Dimensionality reduction can be aquired through several methods, for instance: linear and non-linear methods. Here, the linear method LDA will be presented.

Why it is important:

It can be efficient to remove redundant and dependent dimensions by transforming from a higher dimensional space to a lower space without getting the curse of dimensionality[2]. The curse of dimensionality in essence refers to the complications that arise due to having too many dimensions such that the amount of data that needs to be generalized becomes becomes a harder task to accomplish.[3]

Intuition:

Theorem 1: LDA is trying construct a lower dimensional space which maximizes the ratio between between-class variance and within-class variance, which maximizes class separability.[2]

between-class - distance between means of different classes.
within-class  - distance between the mean and the observations of each class

In one equation, $LDA = \frac{Variance_{BetweenClass}}{Variance_{WithinClass}}$ we need maximize the separability between classes and minimize the separability within classes so as to get the largest value possible.

(Optional) In other words the matrix required to transform the data matrix into our desired transformation is directly proportional, or dependent, to the inverse of the within-class matrix times the difference between the class means. [10] Mathematically -> $W \propto S_{W}^{-1} (m_2 - m_1)$ (I don't understand it. If it helps with your understanding congrats)

Algorithm to compute LDA:

Now the algorithm for computing LDA will be presented. Formulas will be omitted. They can be found in [2].

1. From a set of $N$ observations $[x_i]^{N}_{i=1}$ , each of which is represented as a row of length $M$. Additionally the observations are stored in the data matrix $X$ ( $N \times M$ )
2. Calculate the mean for each class $\mu_i$ ( $1 \times M$ )
3. Calculate the mean for all the data $\mu$ ( $1 \times M$ )
4. Calculate the between-class matrix $S_B$ ( $M \times M$ )
5. Calculate the within-class matrix $S_W$ ( $M \times M$ )
6. Calculate the transforming matrix $W$
7. Calculate the eigenvalues $\lambda$ and eigenvectors $V$ for $W$
8. Sort the eigenvectors in descending order according to their corresponding eigenvalues. The first $k$ eigenvectors will be used as a lower dimensional space ( $V_k$ )
9. Project the original data matrix $X$ onto $V_k$

Note regarding LDA:

The algorithm that is shown works for the class-independent technique. In the class-independent (CI) only one global transformation matrix is calculated, and all of the observations are projected on the eigenvectors. For the class-dependent (CD) technique the within-class matrix, tranformation matrix, eigenvalues and eigenvectors need to be computed. Then each observation should be projected onto the class' lower dimensional space.

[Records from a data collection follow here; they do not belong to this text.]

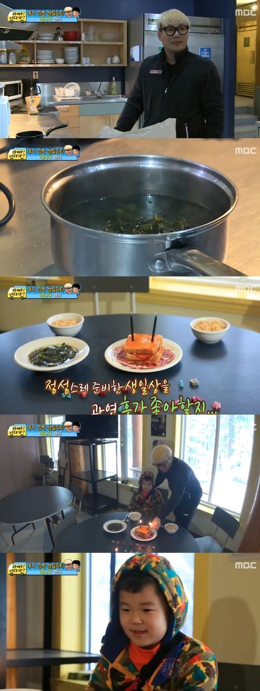 윤민수가 후의 9살 생일을 위해 깜짝 식탁을 준비했다.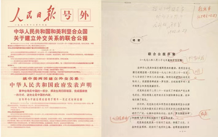 《人民日报》关于中美建交的号外及中国国家博物馆保存的“上海公报”草案底稿。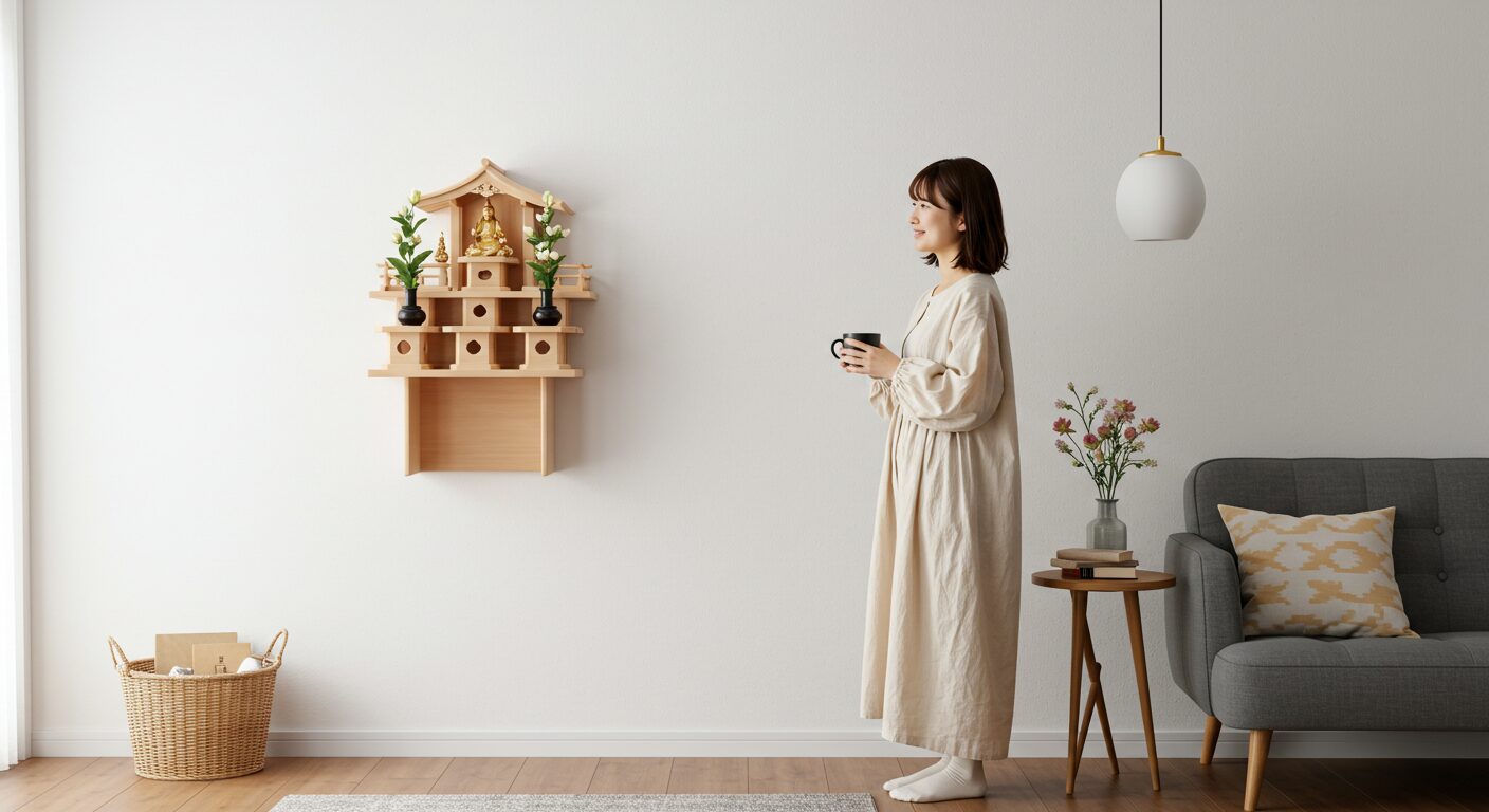 壁に穴を開けられない場合の、最高のアイデアがこれ。大切なのは「ここから上は神様の場所ですよ」と、他と区別する「設え(しつらえ)」の心。お気に入りの布を一枚敷くだけで、そこはもう立派な聖域になるんだ。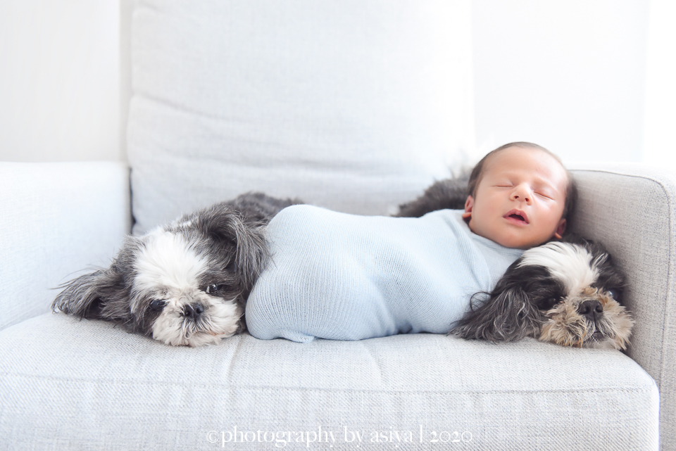 I love photographing newborns especially when they have furry big sibling! This is an older shoot that I just stumbled upon. How sweet are these photos?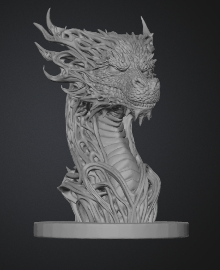 Mẫu tượng bán thân rồng với nhiều chi tiết tinh xảo, được tạo bằng AI và có kèm phần đế. Phù hợp để in 3D trưng bày, trang trí bàn làm việc hoặc góc sưu tầm.
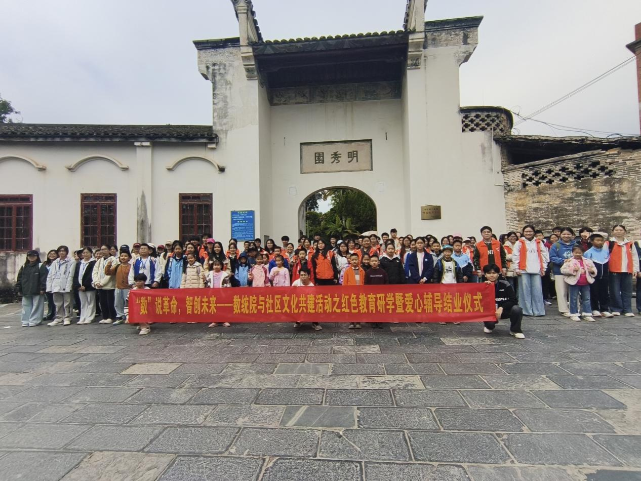 為更好服務(wù)社會(huì),傳承紅色基因,厚植青年家國(guó)情懷,傳遞教育溫暖,11月30日,數(shù)學(xué)與統(tǒng)計(jì)學(xué)院攜手和平解放社區(qū)居委會(huì)在南寧市武鳴區(qū)明秀園開(kāi)展“‘?dāng)?shù)'說(shuō)革命,智創(chuàng)未來(lái)”紅色教育研學(xué)暨秋季愛(ài)心輔導(dǎo)結(jié)業(yè)儀式活動(dòng),南寧市武鳴區(qū)和平解放社區(qū)孩子們、我校數(shù)學(xué)與統(tǒng)計(jì)學(xué)院實(shí)踐部及青年志愿者協(xié)會(huì)全體成員等百余人參與其中。

Key takeway: CD is computationally more expensive than CI, and it may affect the singulairty of the within-class matrices.[2] Other sources [8][9] suggest that CD is more precise because the transformation matrix is calculated in terms of the discrimination information that is contained in the respective class, instead of one singular transformation matrix constructed for all the classes.

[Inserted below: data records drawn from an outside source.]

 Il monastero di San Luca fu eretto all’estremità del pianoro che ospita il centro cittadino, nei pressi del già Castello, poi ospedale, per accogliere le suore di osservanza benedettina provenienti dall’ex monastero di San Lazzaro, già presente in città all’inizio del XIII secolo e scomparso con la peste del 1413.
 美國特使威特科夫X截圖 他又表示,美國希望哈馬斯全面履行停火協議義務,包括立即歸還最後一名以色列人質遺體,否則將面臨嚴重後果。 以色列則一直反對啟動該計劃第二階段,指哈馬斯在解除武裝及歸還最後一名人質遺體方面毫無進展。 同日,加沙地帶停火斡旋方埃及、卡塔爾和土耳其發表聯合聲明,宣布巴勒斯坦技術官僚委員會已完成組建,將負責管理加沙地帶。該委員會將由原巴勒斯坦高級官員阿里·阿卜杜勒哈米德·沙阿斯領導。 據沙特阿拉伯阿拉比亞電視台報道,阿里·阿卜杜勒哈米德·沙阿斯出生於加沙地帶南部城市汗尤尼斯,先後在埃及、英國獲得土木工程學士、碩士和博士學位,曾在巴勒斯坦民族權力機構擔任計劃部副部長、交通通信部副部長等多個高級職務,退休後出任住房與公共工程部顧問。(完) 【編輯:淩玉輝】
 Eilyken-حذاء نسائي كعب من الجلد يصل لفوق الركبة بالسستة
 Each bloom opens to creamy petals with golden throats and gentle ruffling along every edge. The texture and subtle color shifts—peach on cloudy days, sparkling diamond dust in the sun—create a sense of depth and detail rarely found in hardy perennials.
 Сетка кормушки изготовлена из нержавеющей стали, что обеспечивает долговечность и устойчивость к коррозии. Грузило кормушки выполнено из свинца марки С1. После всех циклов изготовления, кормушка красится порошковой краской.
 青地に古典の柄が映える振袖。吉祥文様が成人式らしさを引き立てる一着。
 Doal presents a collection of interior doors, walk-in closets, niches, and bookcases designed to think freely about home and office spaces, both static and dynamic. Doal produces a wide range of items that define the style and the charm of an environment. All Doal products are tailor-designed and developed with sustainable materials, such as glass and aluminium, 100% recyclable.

Potential Problems: (The problems can be fixed as there are solutions contained in [2], but also other sources)

LDA does not work on non-linearly separable classes - that is, if the means of the classes are approximately equal, then the between-class variance and covariance matrix will be zero, which means that no projection onto a lower dimension will be accomplished.

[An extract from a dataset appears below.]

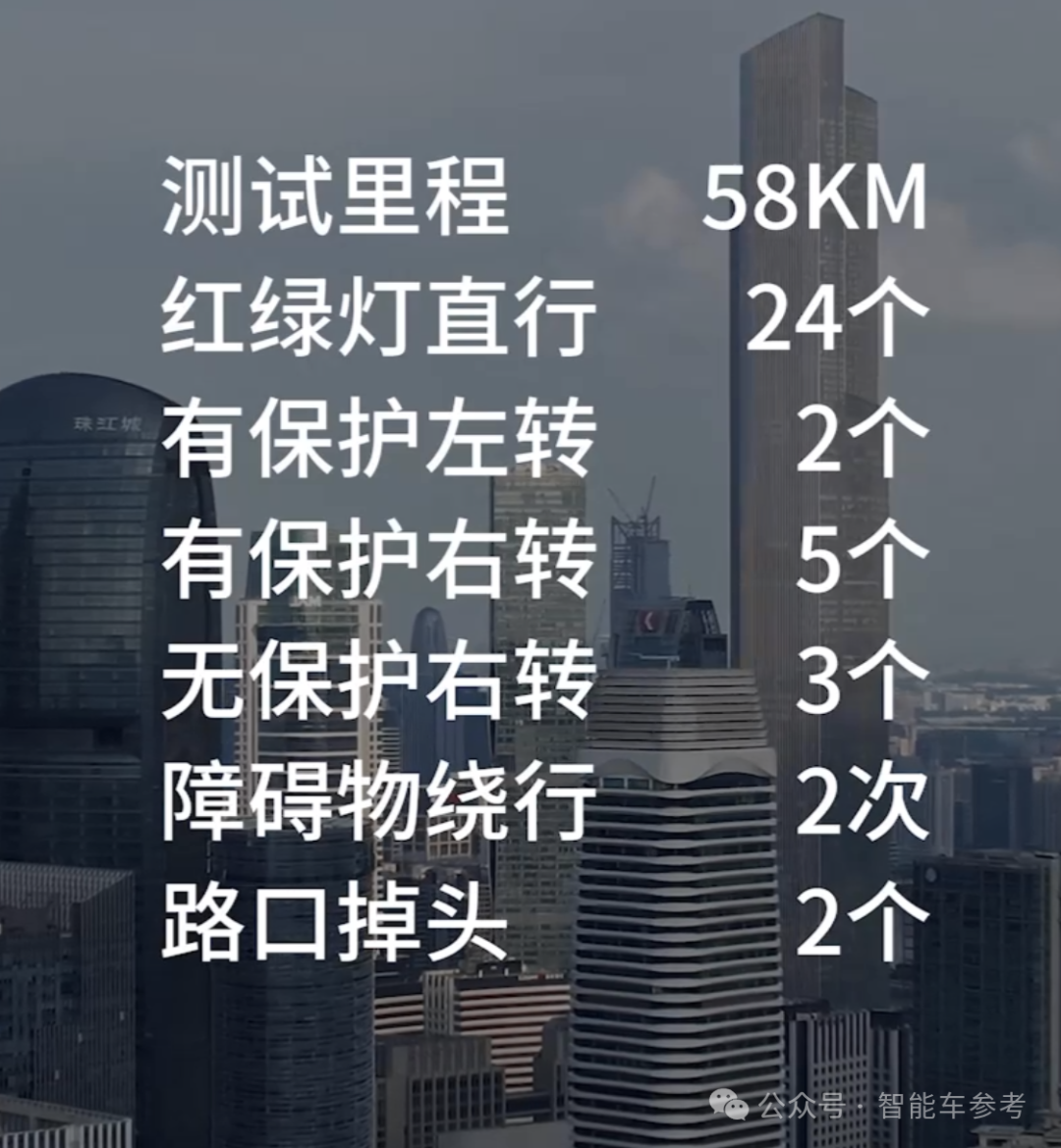 为了增加挑战性,需要完成测试路线去程和返程的完整测试,总里程58公里,包含24个红绿灯直行、2个有保护左转、5个有保护右转、3个无保护右转、2次障碍物绕行、2个路口掉头等道路场景。

Another problem which can be encountered while applying LDA is the Singularity problem. It occurs when the within-class variance is singular - that is, the determinant of $S_W$ is zero. In other words, LDA fails to find the lower dimensional space if the dimensions are much higher than the number of samples in the data matrix.[2]

Assumptions:

For optimal performance, LDA assumes that the data has a normal distribution and that the classes have equal covariances. However, reserach shows that it could also do some decent work without the aforementioned assumptions.[5]

Refs and Further reading:

[1] https://citeseerx.ist.psu.edu/viewdoc/download?doi=10.1.1.735.8417&rep=rep1&type=pdf

[2] http://usir.salford.ac.uk/id/eprint/52074/1/AI_Com_LDA_Tarek.pdf

[3] https://www.kdnuggets.com/2017/04/must-know-curse-dimensionality.html

[4] https://link.springer.com/content/pdf/10.1007/978-0-387-78189-1.pdf

[5] https://en.wikipedia.org/wiki/Linear_discriminant_analysis

[6] https://papers.nips.cc/paper/2004/file/86ecfcbc1e9f1ae5ee2d71910877da36-Paper.pdf

[7] https://sthalles.github.io/fisher-linear-discriminant/

[8] https://www.eurasip.org/Proceedings/Eusipco/Eusipco2014/HTML/papers/1569926695.pdf

[9] https://journal.xidian.edu.cn/xdxb/EN/abstract/abstract11596.shtml

[10] https://sthalles.github.io/fisher-linear-discriminant/

The math behind: (gave up - too much to write. Just look at [2])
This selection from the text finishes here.